Action item - From the listing below, copy only the lines from the line that contains "A cena em que" to the line that contains "今日の給食は、あかうおのしょ", counting those two lines as part of the copy.

Data shown -
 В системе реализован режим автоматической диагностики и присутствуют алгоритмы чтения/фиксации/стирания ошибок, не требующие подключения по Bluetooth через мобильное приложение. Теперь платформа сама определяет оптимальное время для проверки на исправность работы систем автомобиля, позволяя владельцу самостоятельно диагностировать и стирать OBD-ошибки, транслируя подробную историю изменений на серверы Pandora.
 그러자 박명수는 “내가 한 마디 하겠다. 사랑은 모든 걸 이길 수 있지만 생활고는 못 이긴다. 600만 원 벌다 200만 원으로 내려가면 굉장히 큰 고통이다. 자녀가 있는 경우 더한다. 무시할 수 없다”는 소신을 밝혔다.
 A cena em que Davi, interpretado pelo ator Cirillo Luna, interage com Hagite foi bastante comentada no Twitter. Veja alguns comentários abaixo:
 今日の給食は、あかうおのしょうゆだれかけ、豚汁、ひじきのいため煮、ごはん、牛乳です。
--
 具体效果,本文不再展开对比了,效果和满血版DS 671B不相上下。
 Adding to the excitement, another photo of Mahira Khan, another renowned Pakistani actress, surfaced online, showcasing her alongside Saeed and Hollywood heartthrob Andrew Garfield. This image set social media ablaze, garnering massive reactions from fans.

Reply -
 A cena em que Davi, interpretado pelo ator Cirillo Luna, interage com Hagite foi bastante comentada no Twitter. Veja alguns comentários abaixo:
 今日の給食は、あかうおのしょうゆだれかけ、豚汁、ひじきのいため煮、ごはん、牛乳です。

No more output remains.